** DATA follows **
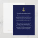 Personalizar este elegante Boda de Ancla Náutica Azul Oscuro Sencillo diseño de la tarjeta para información adicional para los huéspedes bodas. Personalizable completo y ajuste como plantilla para su fácil personalización. Invitación a matrimonio coincidente, Tarjeta RSVP, Tarjetas de programa, Invitación a ducha de novia, Invitación a cena de ensayo y tarjetas de etiquetas de agradecimiento y Pegatinas de favores se pueden encontrar en los enlaces siguientes. Juntos crean una hermosa colección de Bodas. También disponible en blanco.
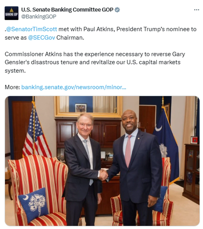 According to the official X (formerly Twitter) of the US Senate Banking Committee on the 7th (local time), Paul Atkins, the nominee for the new chairman of the US Securities and Exchange Commission (SEC) under the Donald Trump administration, visited the office of Tim Scott, a member of the US Senate Banking Committee, for a meeting.
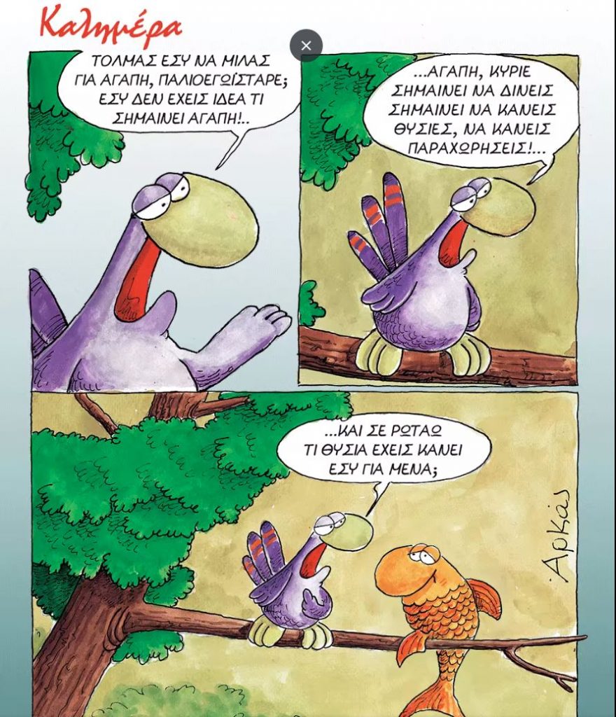 Ετσι στα καρέ του σημερινού του σκίτσου τοποθετεί το πουλί που παραπονιέται στο σύντροφό του και να τον αποκαλεί «παλιοεγωιστή» ενώ επιπλέον τον κατηγορεί ότι δεν ξέρει τι σημαίνει θυσία και δεν έχει κάνει καμία θυσία για αυτόν.
** End of DATA **
Reproduce the whole of the data, word for word, and omit its pictures.

**EXERCISE RESPONSE**
 Personalizar este elegante Boda de Ancla Náutica Azul Oscuro Sencillo diseño de la tarjeta para información adicional para los huéspedes bodas. Personalizable completo y ajuste como plantilla para su fácil personalización. Invitación a matrimonio coincidente, Tarjeta RSVP, Tarjetas de programa, Invitación a ducha de novia, Invitación a cena de ensayo y tarjetas de etiquetas de agradecimiento y Pegatinas de favores se pueden encontrar en los enlaces siguientes. Juntos crean una hermosa colección de Bodas. También disponible en blanco.
 According to the official X (formerly Twitter) of the US Senate Banking Committee on the 7th (local time), Paul Atkins, the nominee for the new chairman of the US Securities and Exchange Commission (SEC) under the Donald Trump administration, visited the office of Tim Scott, a member of the US Senate Banking Committee, for a meeting.
 Ετσι στα καρέ του σημερινού του σκίτσου τοποθετεί το πουλί που παραπονιέται στο σύντροφό του και να τον αποκαλεί «παλιοεγωιστή» ενώ επιπλέον τον κατηγορεί ότι δεν ξέρει τι σημαίνει θυσία και δεν έχει κάνει καμία θυσία για αυτόν.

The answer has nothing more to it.